> [Dataset content]
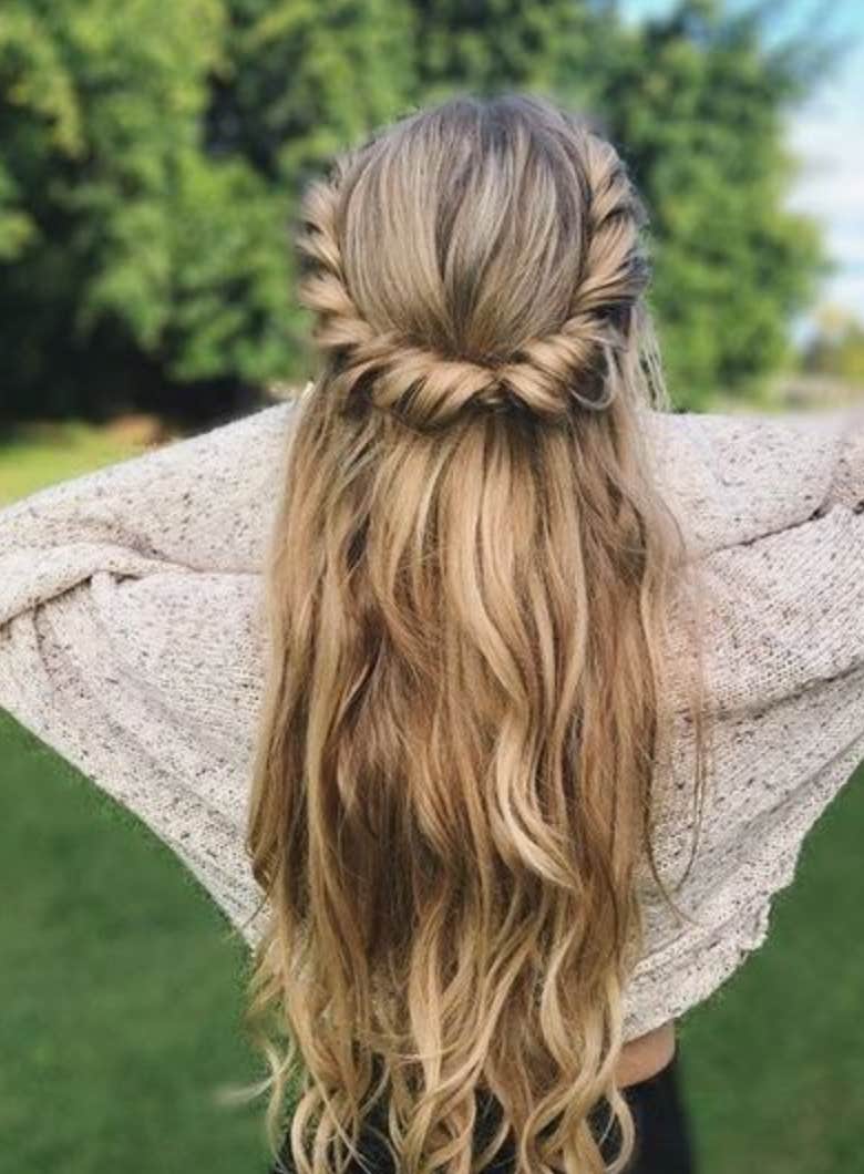 There are so many aspects of this style to talk about. The long hair. The curls. But this twisted crown is what has us swooning.
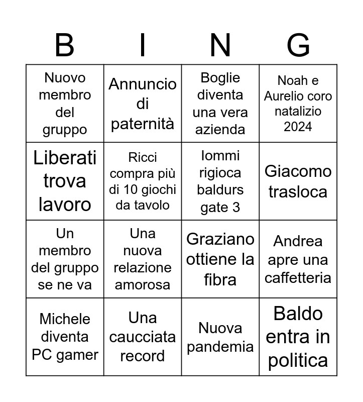 This bingo card has 16 words: Una caucciata record, Andrea apre una caffetteria, Boglie diventa una vera azienda, Nuovo membro del gruppo, Un membro del gruppo se ne va, Annuncio di paternità, Graziano ottiene la fibra, Nuova pandemia, Liberati trova lavoro, Ricci compra più di 10 giochi da tavolo, Michele diventa PC gamer, Noah e Aurelio coro natalizio 2024, Una nuova relazione amorosa, Giacomo trasloca, Iommi rigioca baldurs gate 3 and Baldo entra in politica.
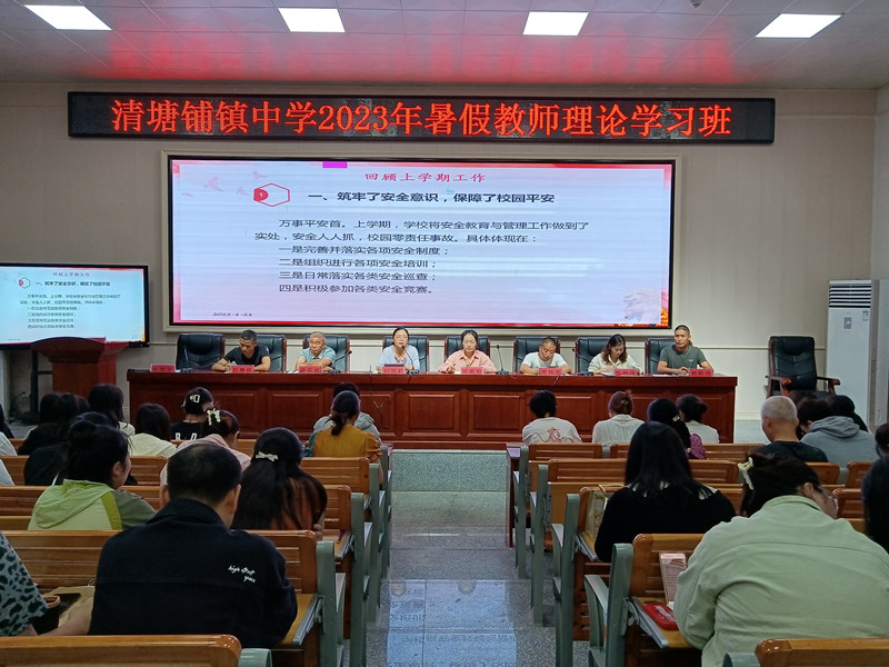 本网讯 8月28日上午,清塘铺镇中学在学校多功能报告厅召开2023年秋季开学工作暨师德师风培训会议。全体教职工参加,中心校党建办主任邓朝阳应邀出席,会议由办公室主任张剑文主持。 校长刘丽莉作了题为《悦享教育,优雅人生》的学校工作报告,报告分两个部分。她从五个方面回顾上学期工作,在肯定成绩的同时,也指出了学校发展所面临的困境;她以“牢守安全底线,明确质量生命线,狠抓队伍建设、学生培养、常规管理三个重点”展望新学期工作。她要求全体教职工齐心协力,以饱满的热情、务实的作风,为推进学校内涵发展、提升办学品位、打造办学特色而努力。 随后,工会主席周伟宏组织学习了《清塘铺镇中心学校作风建设和师德师风建设双十规定》《清塘铺镇中心学校作风建设和师德师风建设再敲警钟、再念紧箍咒》等文件。政教处主任刘轩尚就防溺水、防电信网络诈骗、安保维稳、隐患排查、学生管理等相关工作进行了强调。 据悉,此次理论学习班将持续三天,届时每位老师都会上交心得体会与责任状。
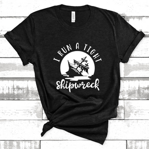 This soft and comfy Bella Canvas brand tee features the phrase "I Run A Tight Shipwreck" in white text.

> [Task goal] Copy the listing exactly. Any image in it stays out of the copy.

> [Output for this exercise]
 There are so many aspects of this style to talk about. The long hair. The curls. But this twisted crown is what has us swooning.
 This bingo card has 16 words: Una caucciata record, Andrea apre una caffetteria, Boglie diventa una vera azienda, Nuovo membro del gruppo, Un membro del gruppo se ne va, Annuncio di paternità, Graziano ottiene la fibra, Nuova pandemia, Liberati trova lavoro, Ricci compra più di 10 giochi da tavolo, Michele diventa PC gamer, Noah e Aurelio coro natalizio 2024, Una nuova relazione amorosa, Giacomo trasloca, Iommi rigioca baldurs gate 3 and Baldo entra in politica.
 本网讯 8月28日上午,清塘铺镇中学在学校多功能报告厅召开2023年秋季开学工作暨师德师风培训会议。全体教职工参加,中心校党建办主任邓朝阳应邀出席,会议由办公室主任张剑文主持。 校长刘丽莉作了题为《悦享教育,优雅人生》的学校工作报告,报告分两个部分。她从五个方面回顾上学期工作,在肯定成绩的同时,也指出了学校发展所面临的困境;她以“牢守安全底线,明确质量生命线,狠抓队伍建设、学生培养、常规管理三个重点”展望新学期工作。她要求全体教职工齐心协力,以饱满的热情、务实的作风,为推进学校内涵发展、提升办学品位、打造办学特色而努力。 随后,工会主席周伟宏组织学习了《清塘铺镇中心学校作风建设和师德师风建设双十规定》《清塘铺镇中心学校作风建设和师德师风建设再敲警钟、再念紧箍咒》等文件。政教处主任刘轩尚就防溺水、防电信网络诈骗、安保维稳、隐患排查、学生管理等相关工作进行了强调。 据悉,此次理论学习班将持续三天,届时每位老师都会上交心得体会与责任状。
 This soft and comfy Bella Canvas brand tee features the phrase "I Run A Tight Shipwreck" in white text.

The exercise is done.